ニューカッスルユナイテッド

今シーズンの欧州サッカー界における移籍市場を見れば、インフレが加速しているのは一目瞭然だ。とりわけプレミアリーグのクラブに移籍するというだけで選手に高値がつく。

21-22には新勢力として規格外の財力をもつパブリック・インベストメント・ファンド(PIF)によって買収されたニューカッスルユナイテッド。「新たなPSG」とも言われてきたが、移籍市場ではスター選手を買い漁るといった様子は見られず。

実際にオーナーが変わってから行われた補強といえば、アレクサンデル・イサク(7000万ユーロ)、ブルーノ・ギマランイス(4210万ユーロ)、スヴェン・ボトマン(3700万ユーロ)など伸び代の大きそうな選手を獲得した。

もちろん、大した額なのは間違いない。
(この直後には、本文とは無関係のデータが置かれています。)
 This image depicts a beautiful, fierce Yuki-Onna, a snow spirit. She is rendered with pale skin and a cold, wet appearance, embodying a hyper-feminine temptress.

実際に2シーズンのトータル移籍額は裕に2億ポンドを超えている。しかし当時サッカーファンが予想していたものとは少し異なるのではないだろうか。

そんなニューカッスルだが同クラブの監督、エディ・ハウはニューカッスルのファンに毎シーズン1億ポンドを超える移籍市場への投資は不可能だと警告しており、次のように述べている。
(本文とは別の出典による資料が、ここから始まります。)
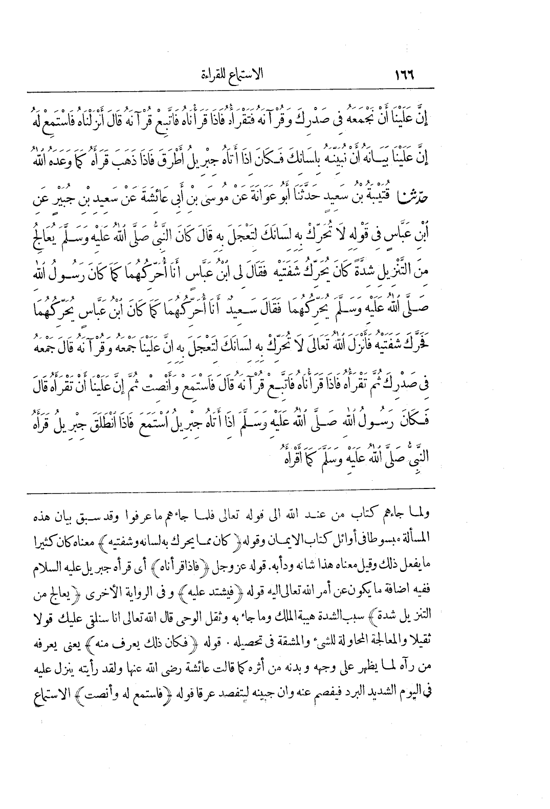 ولما جاءهم كتاب من عند الله إِلَى قَوْلِهِ تَعَالَى فَلَمَّا جَاءَهُمْ مَا عَرَفُوا وَقَدْ سَبَقَ بَيَانُ هَذِهِ الْمَسْأَلَةِ مَبْسُوطًا فِي أَوَائِلِ كِتَابِ الْإِيمَانِ وَقَوْلُهُ كَانَ مِمَّا يُحَرِّكُ به لسانه وشفتيه معناه كان كثيرا ما يفعل ذَلِكَ وَقِيلَ مَعْنَاهُ هَذَا شَأْنُهُ وَدَأْبُهُ قَوْلُهُ عز وجل فإذا قرأناه أَيْ قَرَأَهُ جِبْرِيلُ عَلَيْهِ السَّلَامُ فَفِيهِ إِضَافَةُ مَا يَكُونُ عَنْ أَمْرِ اللَّهِ تَعَالَى إِلَيْهِ قَوْلُهُ فَيَشْتَدُّ عَلَيْهِ وَفِي الرِّوَايَةِ الْأُخْرَى يُعَالِجُ مِنَ التَّنْزِيلِ شِدَّةً سَبَبُ الشِّدَّةِ هَيْبَةُ الْمَلَكِ وَمَا جَاءَ بِهِ وَثِقَلُ الْوَحْيِ قَالَ اللَّهُ تَعَالَى إِنَّا سَنُلْقِي عَلَيْكَ قَوْلًا ثقيلا وَالْمُعَالَجَةُ الْمُحَاوَلَةُ لِلشَّيْءِ وَالْمَشَقَّةُ فِي تَحْصِيلِهِ قَوْلُهُ فَكَانَ ذَلِكَ يُعْرَفُ مِنْهُ يَعْنِي يَعْرِفُهُ مَنْ رَآهُ لِمَا يَظْهَرُ عَلَى وَجْهِهِ وَبَدَنِهِ مِنَ أَثَرِهِ كَمَا قَالَتْ عَائِشَةُ رَضِيَ اللَّهُ عَنْهَا وَلَقَدْ رَأَيْتُهُ يَنْزِلُ عَلَيْهِ فِي الْيَوْمِ الشَّدِيدِ الْبَرْدِ فَيَفْصِمُ عَنْهُ وَإِنَّ جَبِينَهُ لَيَتَفَصَّدُ عَرَقًا قَوْلُهُ فَاسْتَمِعْ لَهُ وَأَنْصِتْ الِاسْتِمَاعُ

「この2シーズンのような移籍市場の膨大な投資は持続不可能だ。我々は移籍に伴う費用を抑える必要があるし、現在の移籍市場の異常さを自覚しなければならない。今後大事になってくることはクラブ全体に目を向けて改善していくことであって、移籍市場に投資することではない。将来的にはどのクラブもこんな異常な移籍への投資はできなくなる。」

監督だけでなく同じくニューカッスルのスポーツディレクターのダン・アシュウォース氏も、最も財力のあるオーナーをもってしてでも、現在の選手への投資が持続不可能だということを肯定している。

ニューカッスルユナイテッドだけに限らず、今後プレミアリーグの移籍市場がどのように変わっていくのか、ぜひ注目していただきたい。